Ist das Nachahmenswert? Nein.

Antworten
Robert

„Löst die Probleme anderer“! Das Ergebnis sehen wir im Netz. Jeder ist ein Experte für irgendetwas. Überall werden einfache Lösungen für komplexe Probleme feil geboten.
„Erfahrung und Ausbildung zählen nichts mehr“. Im Internet präsentieren sich zu Hauf angebliche Problemlöser, die über ein selbstüberschätzendes Mindset und eine Expertise eines gelesenen Buchs zu ihrem Thema verfügen.
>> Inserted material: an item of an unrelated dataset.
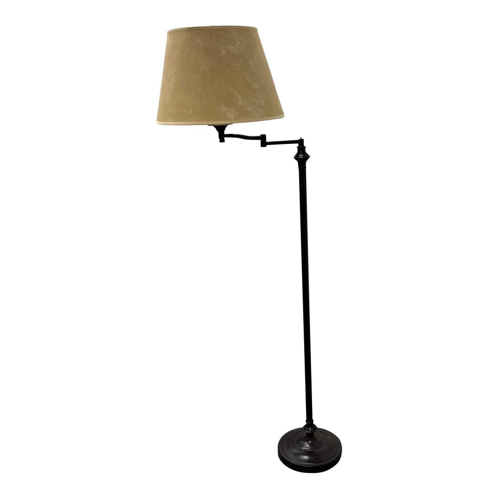 Design Plus Gallery presents a Restoration Hardware Floor Lamp. The body is constructed with metal in a black finish, and the base is round. The shade is a drum shade with minimal taper. The body features an articulating arm to direct lighting as preferred. Takes one bulb and uses a turn switch. Minor wear consistent with use; lamp is in good condition.

Es wird soviel Müll als Expertise verkauft. In meinem Bereich Online-Marketing ,stehen einem wirklich die Haare zu berge!
Und dann ist der ganze Web-Content durch den google*schen Zwang zur Suchmaschinenoptimierung alles in einem Mainstream-Laber-Blog-Einheitsgrau, gekrönt mit einer 3-Schritte-Anleitung verpackt.
Google ist maßgeblich dafür verantwortlich, dass die wunderbare Erfindung des Internets zu einer werbeverseuchten Problemlösemaschine, die jedes erdenkliche menschliche Problem in „3 einfachen Schritten“ lösen will, mutiert ist.
Als Insider der Online-Marketing Branche könnte ich Dinge erzählen, von denen der gewöhnliche User noch nicht im entferntesten ein Ahnung hat, wie er im Netz zum Deppen gemacht wird.

Lasst uns ein neues, besseres und menschlicheres Internet bauen!